Quote only the span from the first line of the entries to the line containing "Everest Base Camp", both ends kept. Leave every picture out.

### Provided entries ###

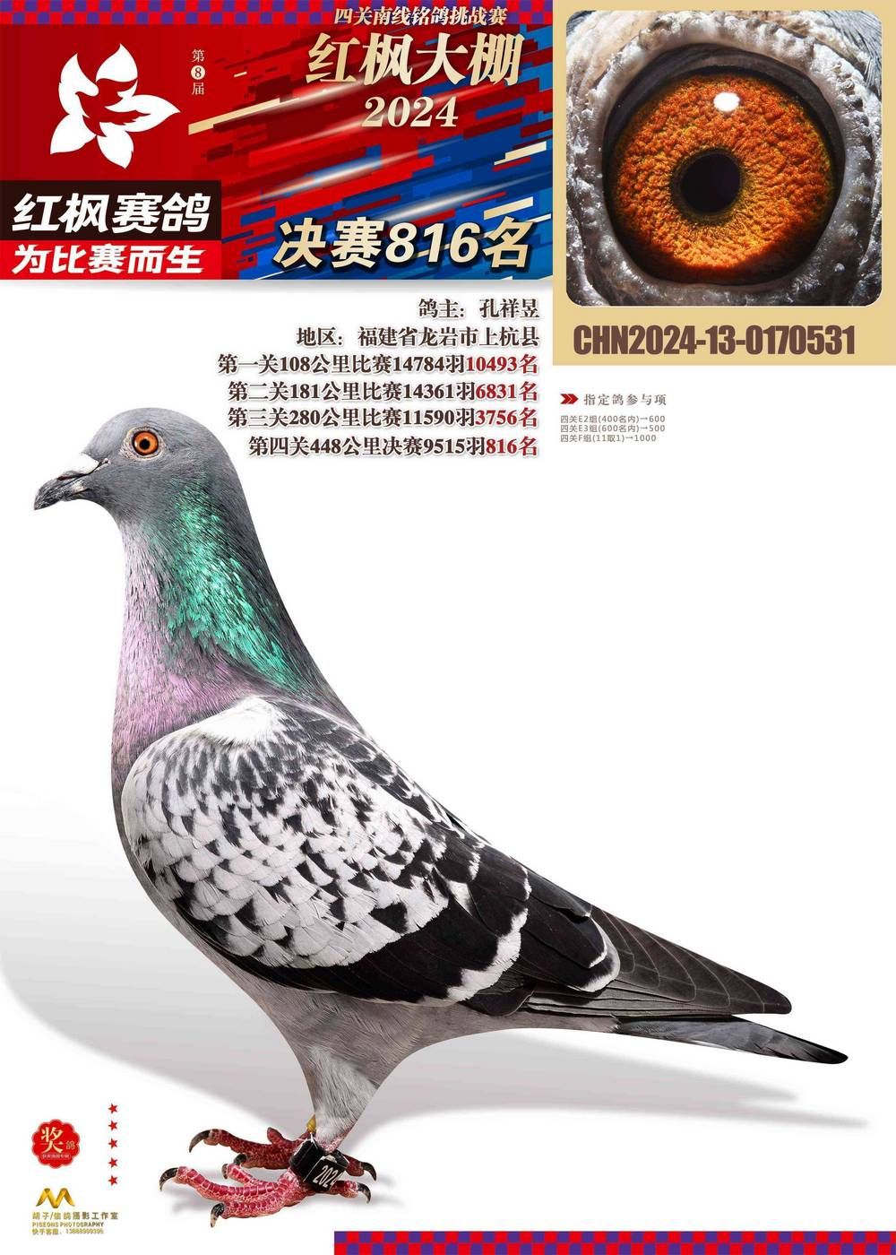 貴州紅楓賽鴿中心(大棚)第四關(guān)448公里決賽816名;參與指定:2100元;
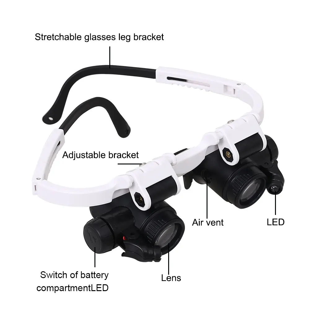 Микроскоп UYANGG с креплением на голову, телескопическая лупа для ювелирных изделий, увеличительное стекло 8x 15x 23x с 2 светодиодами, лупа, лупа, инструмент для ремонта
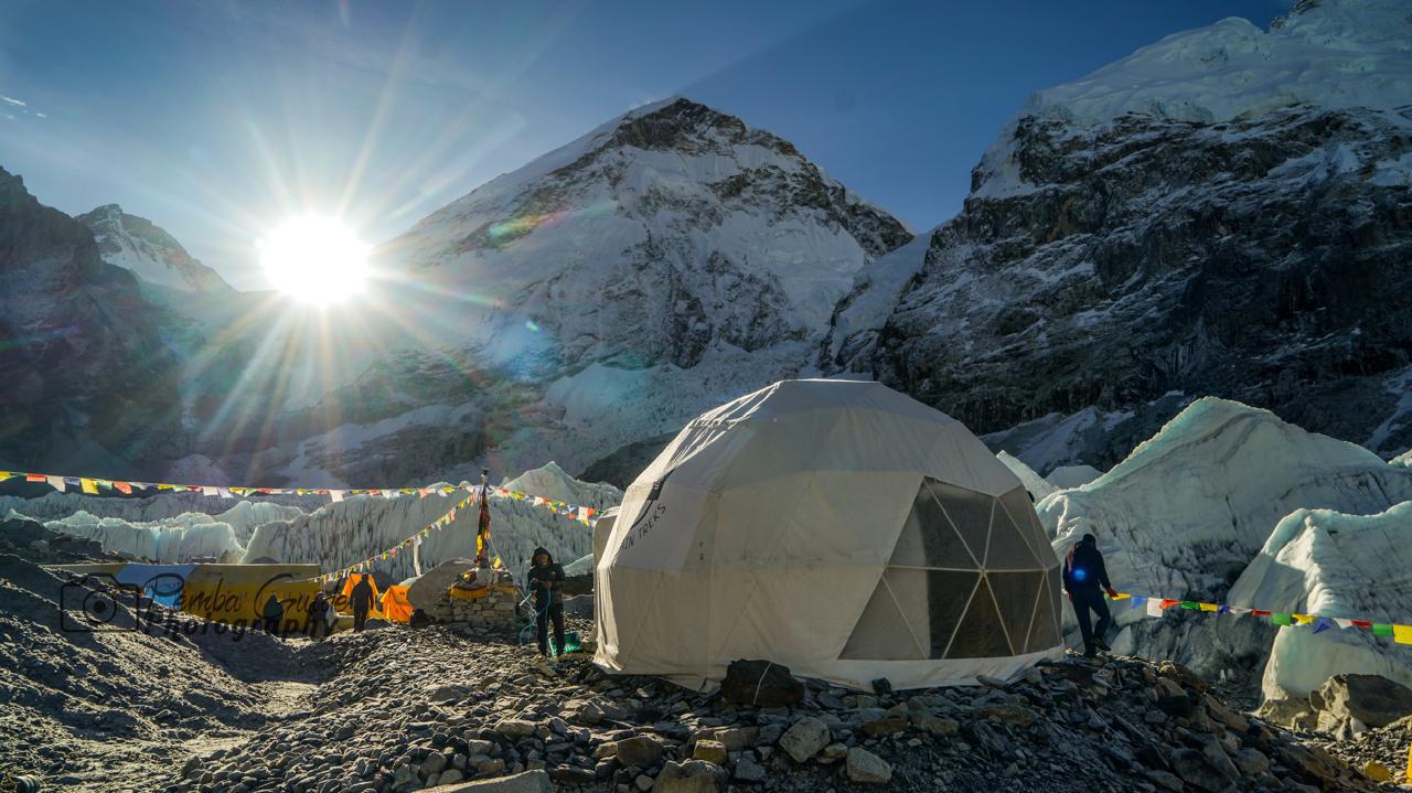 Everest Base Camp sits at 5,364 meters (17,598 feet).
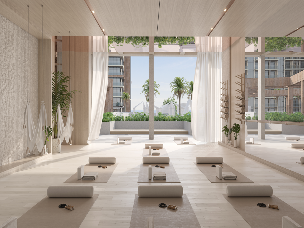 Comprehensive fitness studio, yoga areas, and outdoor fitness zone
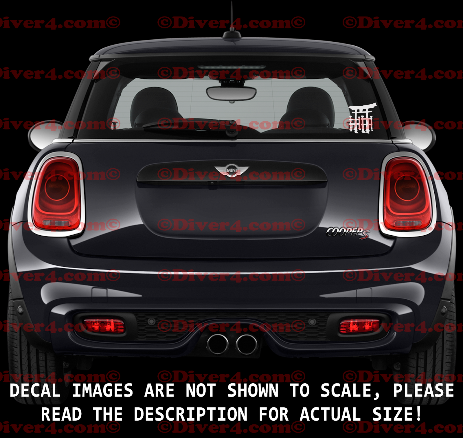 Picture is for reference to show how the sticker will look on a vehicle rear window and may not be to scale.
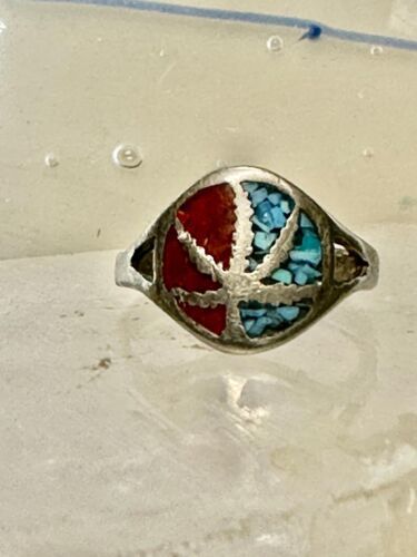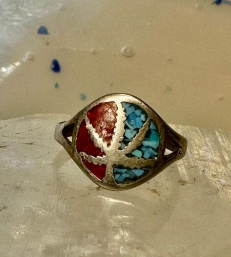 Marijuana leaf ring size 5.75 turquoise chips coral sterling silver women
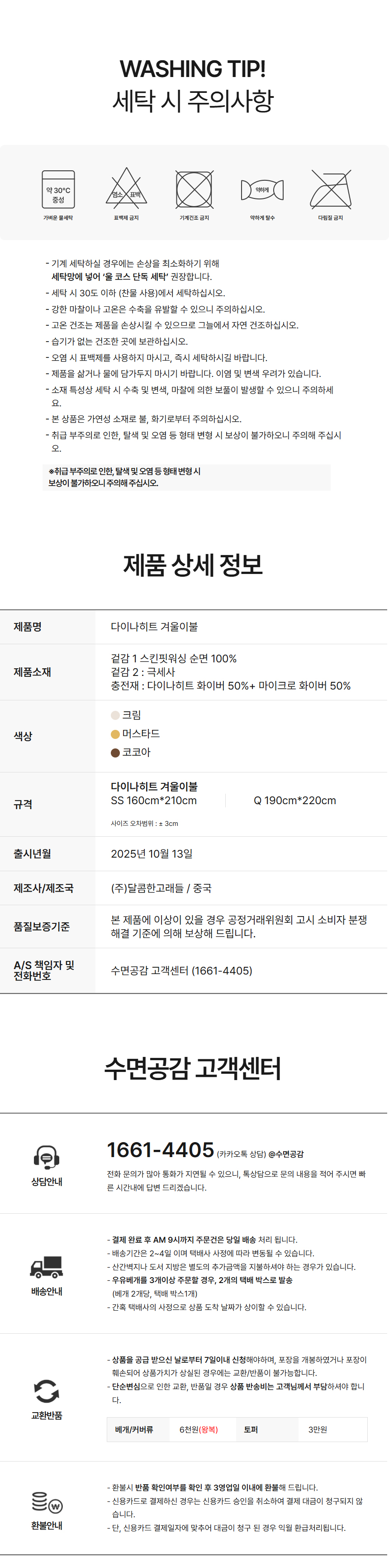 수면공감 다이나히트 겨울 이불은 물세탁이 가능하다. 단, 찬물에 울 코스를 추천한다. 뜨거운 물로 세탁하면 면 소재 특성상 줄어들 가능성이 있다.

###

Result of the exercise:
 貴州紅楓賽鴿中心(大棚)第四關(guān)448公里決賽816名;參與指定:2100元;
 Микроскоп UYANGG с креплением на голову, телескопическая лупа для ювелирных изделий, увеличительное стекло 8x 15x 23x с 2 светодиодами, лупа, лупа, инструмент для ремонта
 Everest Base Camp sits at 5,364 meters (17,598 feet).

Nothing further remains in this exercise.